Late-stage trials for Centocor's Remicade confirm Gottlieb's earliest experiments. The company expects to submit data for governmental approval by year's end, which means it could reach market in as soon as 18 months.
Gottlieb also has had success with a number of other medications. Her research led to the approval of Amevive, also known as alefacept, a biologic approved by the FDA in January 2003 to treat moderate to severe psoriasis. The drug, made by Biogen IDEC, works by blocking T cells from functioning, interrupting the cell cycle that produces psoriasis.
She also oversaw some of the pivotal experimental trials on Raptiva, with the generic name efalizumab, approved by the FDA in October 2003 for treating moderate to severe psoriasis. The recombinant drug, made by Genentech, works by blocking the activation of T cells.
And in April 2004, Enbrel, a biologic made by Amgen & Wyeth that works like a sponge to sop up tumor necrosis factor-alpha, interrupting the inflammatory cycle of the disease, was approved by the FDA for treatment of moderate to severe psoriasis.
EARLY INSPIRATION
Gottlieb has been married 33 years to mathematician Allan Gottlieb and has two sons, David, 23, and Michael, 19.

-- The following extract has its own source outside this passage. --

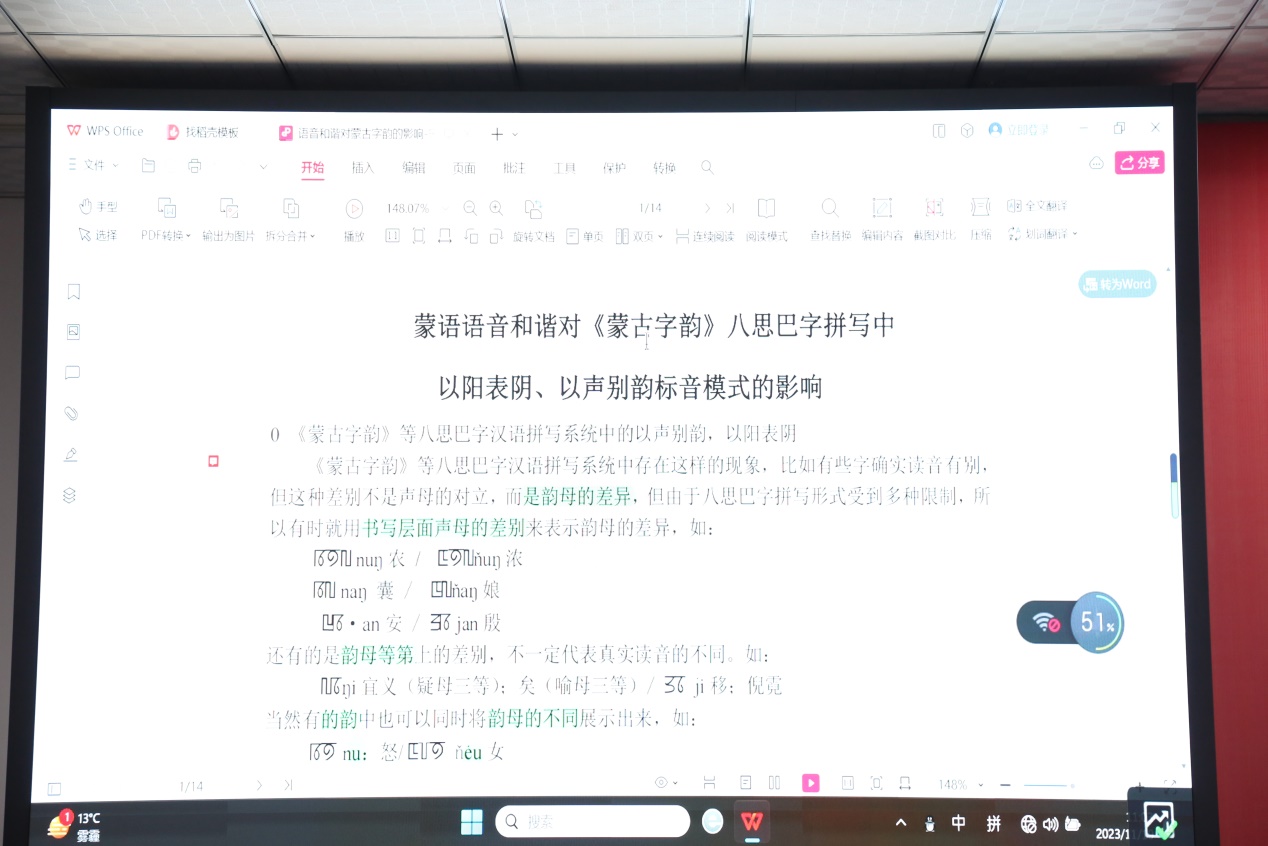 济南大学宋洪民教授的《蒙语语音和谐对〈蒙古字韵〉八思巴字拼写中以阳表阴、以声别韵标音模式的影响》,指出《蒙古字韵》等八思巴字汉语拼写系统中存在有些字读音有别,但非声母对立而是韵母差异的现象,并举了“囊”和“娘”等字的例子进行说明。
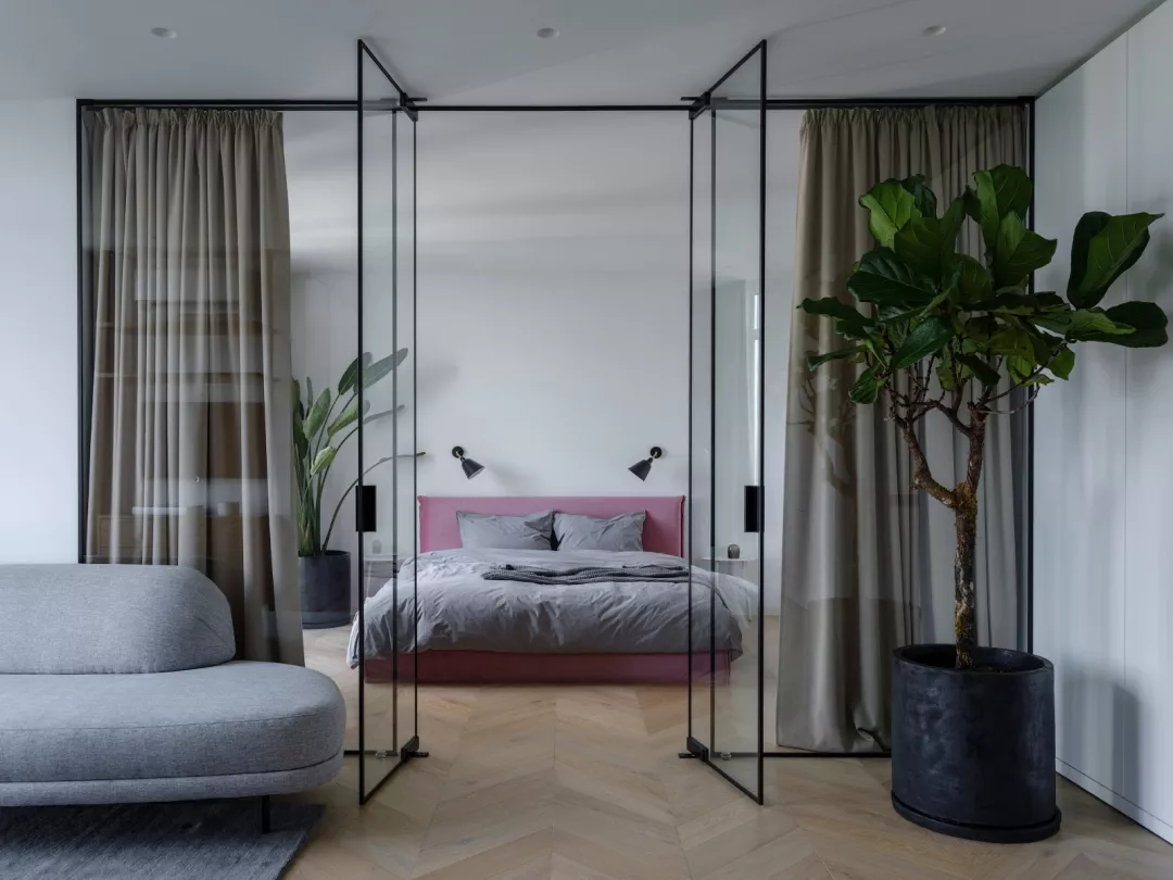 看看《小欢喜》里面宋倩的卧室,就是把整面墙都砸了,换成玻璃门,这样的话就可以更大面积的促进采光共享,而在晚上睡觉的时候又可以拉上窗帘增加空间的私密性。

The fact that she chose a career in medicine is hardly surprising. Her father, Gerhard Max Bendix, who died when she was just 11 weeks old, was a physician. Her maternal uncle, Ludwig Sternberger, was an immunologist who, like Gottlieb's mother, escaped Nazi Germany.

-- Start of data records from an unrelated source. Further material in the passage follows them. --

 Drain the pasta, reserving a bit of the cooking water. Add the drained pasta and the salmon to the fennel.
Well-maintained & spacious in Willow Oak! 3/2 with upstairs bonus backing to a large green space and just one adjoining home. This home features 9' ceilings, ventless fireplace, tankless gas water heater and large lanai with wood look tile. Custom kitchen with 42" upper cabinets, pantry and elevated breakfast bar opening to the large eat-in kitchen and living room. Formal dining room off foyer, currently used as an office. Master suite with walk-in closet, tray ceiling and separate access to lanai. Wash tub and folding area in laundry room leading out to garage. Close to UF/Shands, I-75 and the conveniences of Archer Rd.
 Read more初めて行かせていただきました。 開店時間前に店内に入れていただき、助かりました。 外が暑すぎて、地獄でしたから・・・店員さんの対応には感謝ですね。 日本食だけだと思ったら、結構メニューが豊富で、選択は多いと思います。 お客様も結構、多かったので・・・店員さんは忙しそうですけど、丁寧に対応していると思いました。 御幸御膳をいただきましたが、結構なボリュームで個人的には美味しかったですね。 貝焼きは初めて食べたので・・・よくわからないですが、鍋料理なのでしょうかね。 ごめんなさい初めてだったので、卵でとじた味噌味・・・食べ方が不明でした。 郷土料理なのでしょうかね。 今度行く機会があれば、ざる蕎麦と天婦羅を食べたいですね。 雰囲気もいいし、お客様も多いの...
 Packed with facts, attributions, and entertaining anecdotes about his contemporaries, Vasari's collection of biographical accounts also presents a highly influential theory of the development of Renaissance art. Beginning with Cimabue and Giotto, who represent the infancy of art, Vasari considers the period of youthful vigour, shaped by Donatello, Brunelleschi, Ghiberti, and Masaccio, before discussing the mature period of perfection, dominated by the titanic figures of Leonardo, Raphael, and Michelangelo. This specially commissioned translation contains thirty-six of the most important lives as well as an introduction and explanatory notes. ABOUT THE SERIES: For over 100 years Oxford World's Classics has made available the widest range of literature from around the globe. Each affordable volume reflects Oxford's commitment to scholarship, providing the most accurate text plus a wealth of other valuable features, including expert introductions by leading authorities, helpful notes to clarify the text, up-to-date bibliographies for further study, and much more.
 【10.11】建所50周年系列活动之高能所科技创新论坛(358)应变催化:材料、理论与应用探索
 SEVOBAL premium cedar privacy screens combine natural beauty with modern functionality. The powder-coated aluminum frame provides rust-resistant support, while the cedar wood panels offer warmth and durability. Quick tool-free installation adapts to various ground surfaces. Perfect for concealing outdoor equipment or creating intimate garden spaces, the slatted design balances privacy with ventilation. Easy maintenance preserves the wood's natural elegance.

Gottlieb's interest in science started early. By the fifth grade she was devouring stories about "the vaccine guys" such as French microbiologist Louis Pasteur. She even dreamed of having a cure named after her.

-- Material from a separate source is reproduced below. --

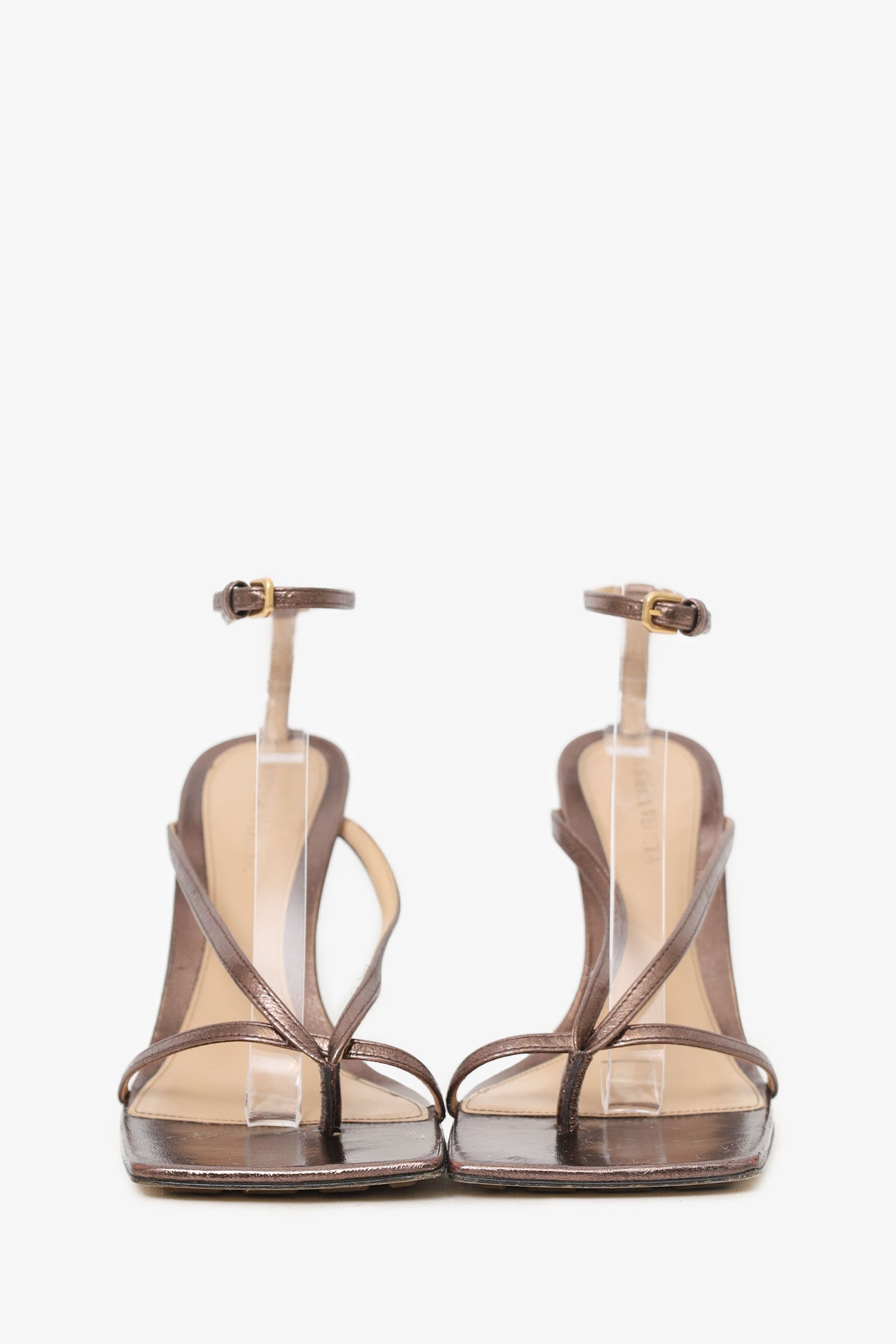 Refresh availabilityBottega Veneta Brown Metallic Leather Stretch Strap Sandals. Slip-on. Open-square-toe. Strappy vamp and thong toe. Adjustable ankle straps with buckle closure. Tonal stitching.

"Alice was a very easy child, as long as you took her seriously," her mother says.
Gottlieb and her fraternal twin, Helen Bendix, were raised by their mother and grandmother, Emmie Sternberger. The girls did well in school, graduating at the top of their class.
Alice attended Bronx High School of Science; Helen went to Hunter College High School. They loved classical music and performed locally with their mother as the Bendix Trio. Alice played piano, Helen violin and Eva the cello.
Gottlieb and her sister -- now a Superior Court judge in Los Angeles -- saw their mother as a woman of quiet strength and inspiration.
Schenk spent most of her youth in the 1930s and early 1940s moving through Europe and then the Middle East, staying one step ahead of the Nazis. When she arrived in New York in May 1948, she had $100 in her pocket, and seven suitcases. Schenk wanted to be a physician -- or a musician -- but she first needed to support herself. So she found a low-rent furnished room and a job in the garment industry.
"I told my daughters what I had learned from my own experience," Schenk said. "The most important thing you have is knowledge -- education. You can lose almost everything. But no one can take that away from you, even if they hit you over the head."
Schenk said she has a feeling her disease motivated Gottlieb's research. "I can't say this for sure, because I have never asked her."
A year ago, Schenk's psoriasis deteriorated into psoriatic arthritis. The lifelong stoic finally cried from the pain. It took 90 minutes just to get out of bed in her New York City apartment.
Then her daughter gave her Enbrel, the new drug with one of the best safety profiles. Within months, Schenk had recovered about 80 percent of her flexibility, and she continues to improve.
She even has started playing the cello again.
"It's pretty strange that a medicine I helped develop has so profoundly affected my mother's life," Gottlieb said. "But it's perfect, don't you think?"